Output the data below exactly, without images.

##### RECORD EXTRACTS #####

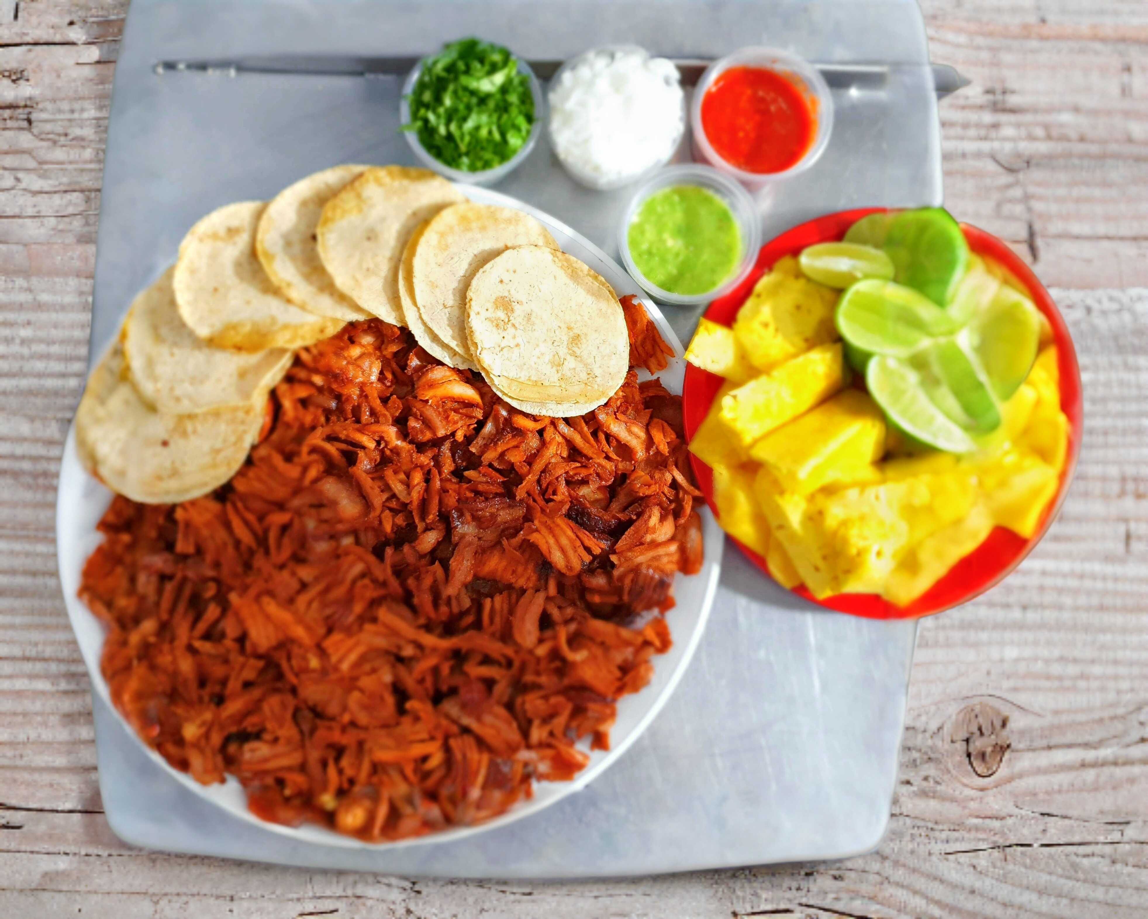 1 kg De carne al pastor, 74 tortillas, salsas, limones, cebolla y cilantro.
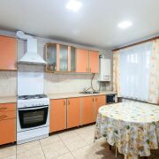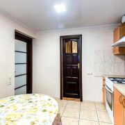 -На кухне установлен современный кухонный гарнитур с встроенной техникой и продуманной системой хранения. Керамическая плитка на стенах и полу облегчает уборку и придает помещению аккуратный, опрятный вид.
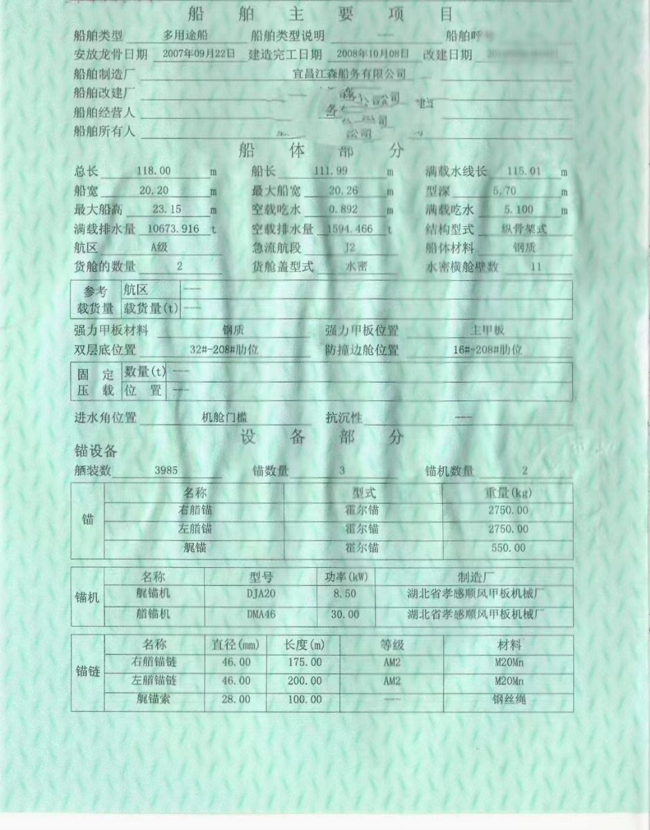 川江集散两用船,宜昌建造2008年,118*20.20*5.70 J2标船
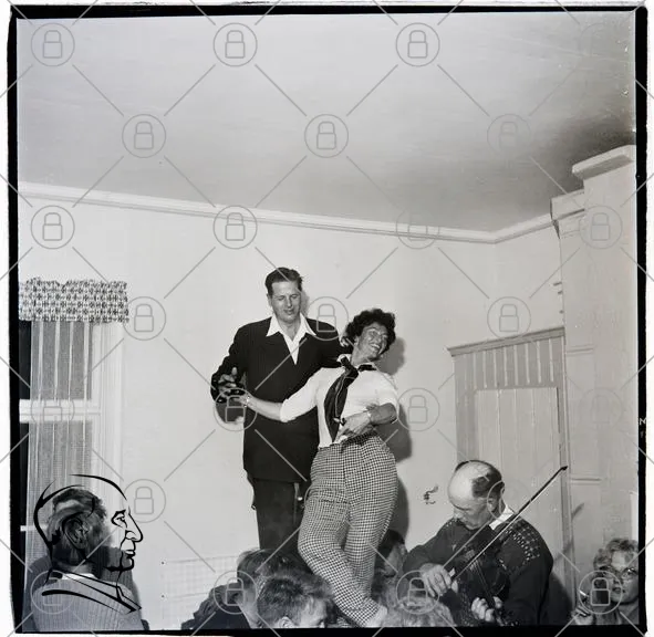 dans, musik, fiol, fest, glädje, par, inomhus, skratt, svartvitt, 1950-tal, fönster, gardiner, man, kvinna, musiker, stående, kläder, skjorta, byxor, hatt, samling, socialt, tradition, kultur, retro, historisk, rum, interiör, människor, gemenskap
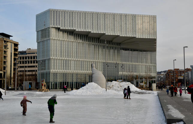 Oslo, dans le quartier Bjørvika, entre la gare, des statues et l'Opéra, quinze degrés sous zéro adoucis par le soleil. Des enfants s'amusent à glisser sur l'eau gelée. L'été, s'y reflète un bâtiment de cinq étages constitué d'une enfilade de hautes vitres, comme des tranches de livres en transparence. C'est la bibliothèque centrale de la capitale norvégienne, désignée en 2021 par la Fédération internationale des associations de bibliothécaires (l'Ifla) comme la meilleure du monde.
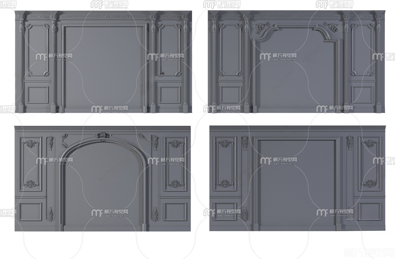 欧式背景墙护墙板3D模型(ID:0032513)
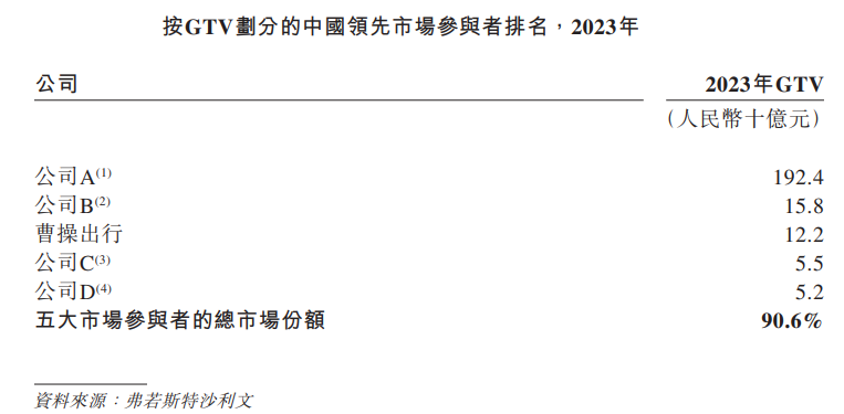 據弗若斯特沙利文數據,按GTV計算,2023年網約車市場90.6%的份額由5家網約車平臺公司占據,其中排名第一的公司占據了75.5%的市場份額。
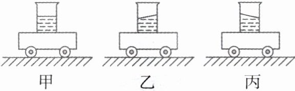 的形状;若此时小车突然刹车减速,烧杯中的水面应是图乙
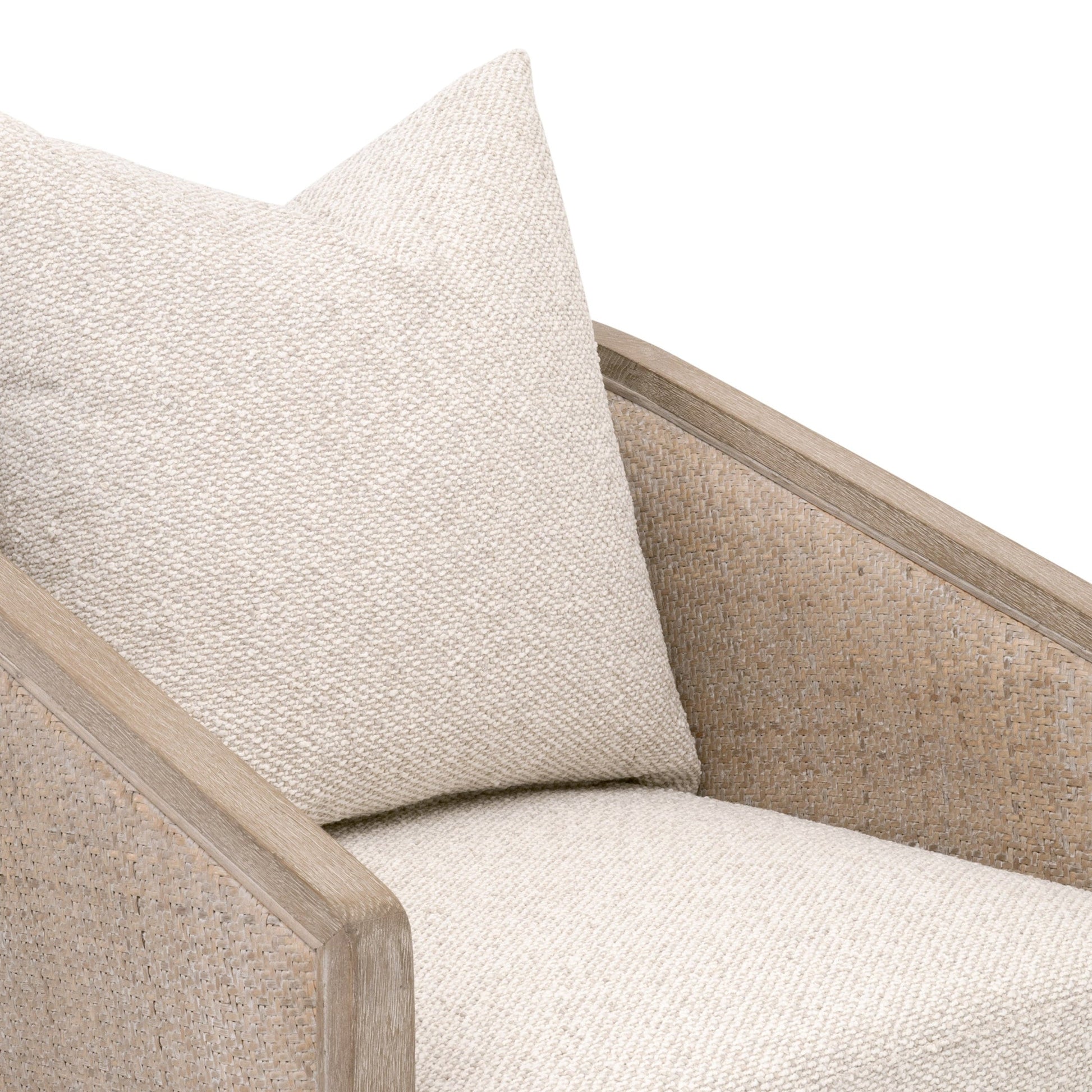 Plongez dans un confort raffiné avec le fauteuil McGuire d'Essentials For Living. Ce meuble transitionnel allie texture organique et revêtement haute performance, idéal pour les salons contemporains, les petits coins détente ou les coins lecture. Sa structure en chêne massif est recouverte de rotin gris naturel tressé à la main, lui conférant une touche artisanale et naturelle, tandis que le tissu LiveSmart Gellar-Linen résiste aux taches et se nettoie facilement. Un coussin d'assise amovible et réversible, garni d'un luxueux mélange 50/50 polyester-duvet, ainsi qu'un coussin assorti inclus, garantissent un confort durable. Le piètement en X renforce la durabilité et ajoute une touche esthétique, rendant ce fauteuil aussi robuste qu'élégant.
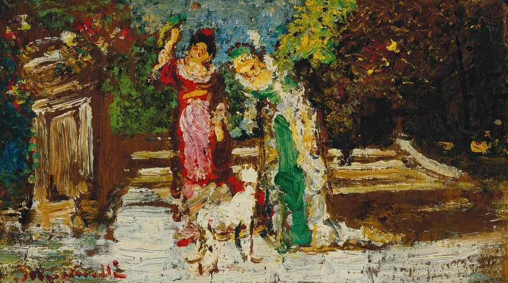 Kunsttrykket af Deux femmes et chien af Adolphe Monticelli transporterer os til et øjeblik af ømhed og samhørighed. De livlige farver og de dynamiske penselstrøg skaber en levende atmosfære, hvor figurerne synes at blive levende foran vores øjne. Lærredet udstråler en mærkbar varme takket være den dygtige anvendelse af varme nuancer, der omslutter figurerne. Monticelli, med sin unikke stil, formår at fange essensen af hverdagslivet, samtidig med at han tilføjer et strejf af poesi og drøm.
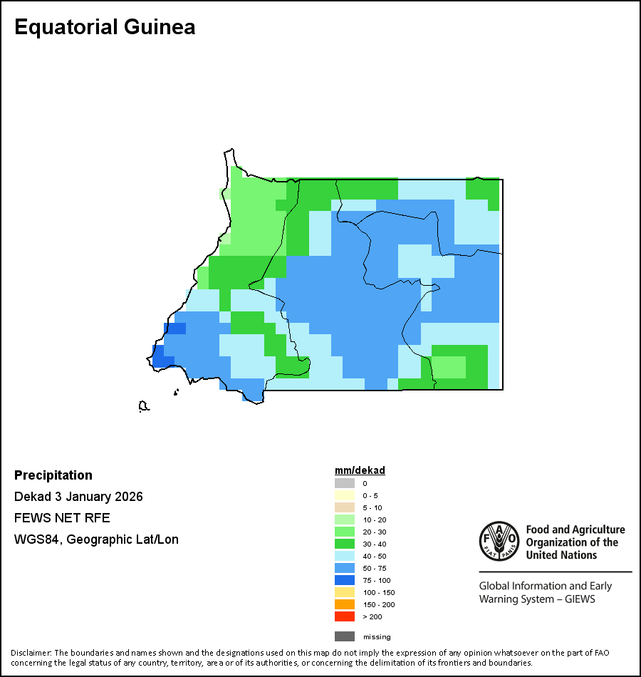 该图谱显示了每一旬(十天)的累积降水量。 所有非洲国家的降水量估算(除佛得角和毛里求斯外)均取自NOAA/FEWSNet,其他国家则取自ECMWF。
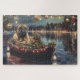 Set segelt mit dieser sehr detaillierten Abbildung in den Zauber der Urlaubssaison und zeigt einen stolzen Hund, der in einem festlich dekorierten Boot sitzt und über einen ruhigen Weihnachtssee gleitet. Die Lichter der nahen Kiefernbäume reflektieren das Wasser und warmen, festlichen Glanz, der das gemütliche Ambiente verstärkt. Die Ornamente versetzen sich von den Seiten des Bootes, während die Laternen leuchten und eine Szene schaffen, die das wahre Wesen der Weihnachtswärme und -freude einfängt. Dieses nostalgische Kunstwerk bringt eine Touch von Urlaubsmagie in jeden Raum, perfekt für diejenigen, die den Geist der Saison schätzen.
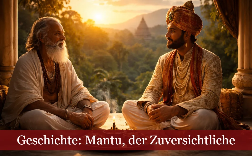 Mantu eilte herbei und sprach dem Maharaja tröstende Worte zu: „Mein Herr, verzweifelt nicht. Kein Schicksalsschlag trifft uns ohne Grund. Eines Tages werdet ihr erkennen, wozu dieser Verlust gut war.“
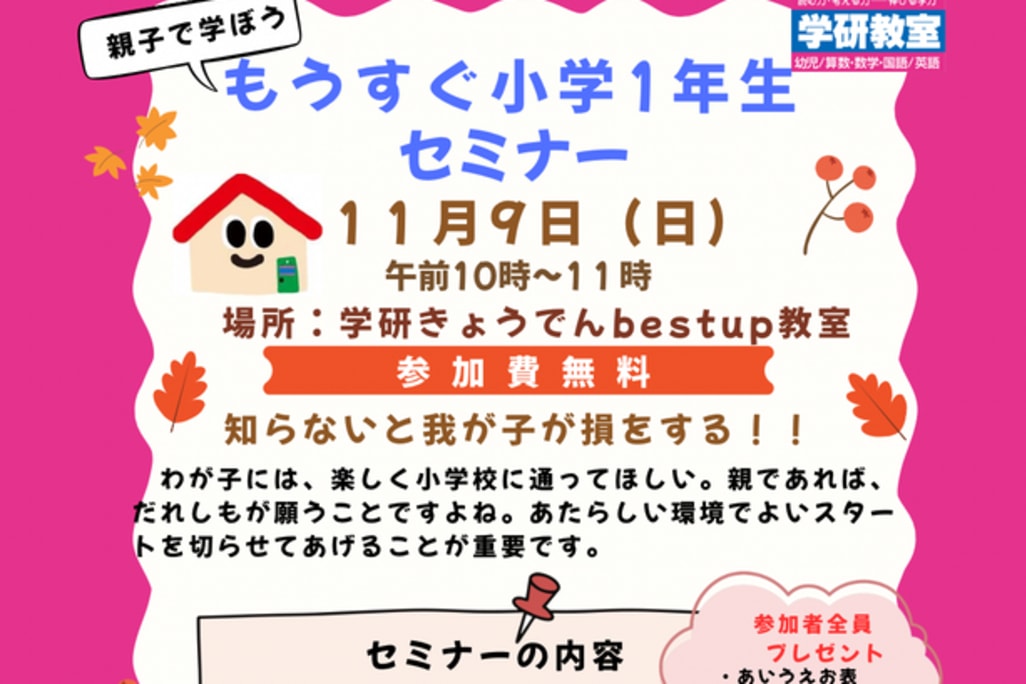 もうすぐ1年生セミナー 11月9日(日)午前10時~11時 きょうでんbest up教室にて、年長さん対象でもうすぐ一年生セミナーを行います。 内容:鉛筆の持ち方 ひらがな・カタカナ講座 プレ1年生の時計講座 「しょうがっこうがだいすき」の読み聞かせ 参加料無料、親子で参加ください。プレゼント付き ※無料体験は随時受け付けています。 |

#####

> _TASK RESPONSE_
 1 kg De carne al pastor, 74 tortillas, salsas, limones, cebolla y cilantro.
 -На кухне установлен современный кухонный гарнитур с встроенной техникой и продуманной системой хранения. Керамическая плитка на стенах и полу облегчает уборку и придает помещению аккуратный, опрятный вид.
 川江集散两用船,宜昌建造2008年,118*20.20*5.70 J2标船
 dans, musik, fiol, fest, glädje, par, inomhus, skratt, svartvitt, 1950-tal, fönster, gardiner, man, kvinna, musiker, stående, kläder, skjorta, byxor, hatt, samling, socialt, tradition, kultur, retro, historisk, rum, interiör, människor, gemenskap
 Oslo, dans le quartier Bjørvika, entre la gare, des statues et l'Opéra, quinze degrés sous zéro adoucis par le soleil. Des enfants s'amusent à glisser sur l'eau gelée. L'été, s'y reflète un bâtiment de cinq étages constitué d'une enfilade de hautes vitres, comme des tranches de livres en transparence. C'est la bibliothèque centrale de la capitale norvégienne, désignée en 2021 par la Fédération internationale des associations de bibliothécaires (l'Ifla) comme la meilleure du monde.
 欧式背景墙护墙板3D模型(ID:0032513)
 據弗若斯特沙利文數據,按GTV計算,2023年網約車市場90.6%的份額由5家網約車平臺公司占據,其中排名第一的公司占據了75.5%的市場份額。
 的形状;若此时小车突然刹车减速,烧杯中的水面应是图乙
 Plongez dans un confort raffiné avec le fauteuil McGuire d'Essentials For Living. Ce meuble transitionnel allie texture organique et revêtement haute performance, idéal pour les salons contemporains, les petits coins détente ou les coins lecture. Sa structure en chêne massif est recouverte de rotin gris naturel tressé à la main, lui conférant une touche artisanale et naturelle, tandis que le tissu LiveSmart Gellar-Linen résiste aux taches et se nettoie facilement. Un coussin d'assise amovible et réversible, garni d'un luxueux mélange 50/50 polyester-duvet, ainsi qu'un coussin assorti inclus, garantissent un confort durable. Le piètement en X renforce la durabilité et ajoute une touche esthétique, rendant ce fauteuil aussi robuste qu'élégant.
 Kunsttrykket af Deux femmes et chien af Adolphe Monticelli transporterer os til et øjeblik af ømhed og samhørighed. De livlige farver og de dynamiske penselstrøg skaber en levende atmosfære, hvor figurerne synes at blive levende foran vores øjne. Lærredet udstråler en mærkbar varme takket være den dygtige anvendelse af varme nuancer, der omslutter figurerne. Monticelli, med sin unikke stil, formår at fange essensen af hverdagslivet, samtidig med at han tilføjer et strejf af poesi og drøm.
 该图谱显示了每一旬(十天)的累积降水量。 所有非洲国家的降水量估算(除佛得角和毛里求斯外)均取自NOAA/FEWSNet,其他国家则取自ECMWF。
 Set segelt mit dieser sehr detaillierten Abbildung in den Zauber der Urlaubssaison und zeigt einen stolzen Hund, der in einem festlich dekorierten Boot sitzt und über einen ruhigen Weihnachtssee gleitet. Die Lichter der nahen Kiefernbäume reflektieren das Wasser und warmen, festlichen Glanz, der das gemütliche Ambiente verstärkt. Die Ornamente versetzen sich von den Seiten des Bootes, während die Laternen leuchten und eine Szene schaffen, die das wahre Wesen der Weihnachtswärme und -freude einfängt. Dieses nostalgische Kunstwerk bringt eine Touch von Urlaubsmagie in jeden Raum, perfekt für diejenigen, die den Geist der Saison schätzen.
 Mantu eilte herbei und sprach dem Maharaja tröstende Worte zu: „Mein Herr, verzweifelt nicht. Kein Schicksalsschlag trifft uns ohne Grund. Eines Tages werdet ihr erkennen, wozu dieser Verlust gut war.“
 もうすぐ1年生セミナー 11月9日(日)午前10時~11時 きょうでんbest up教室にて、年長さん対象でもうすぐ一年生セミナーを行います。 内容:鉛筆の持ち方 ひらがな・カタカナ講座 プレ1年生の時計講座 「しょうがっこうがだいすき」の読み聞かせ 参加料無料、親子で参加ください。プレゼント付き ※無料体験は随時受け付けています。 |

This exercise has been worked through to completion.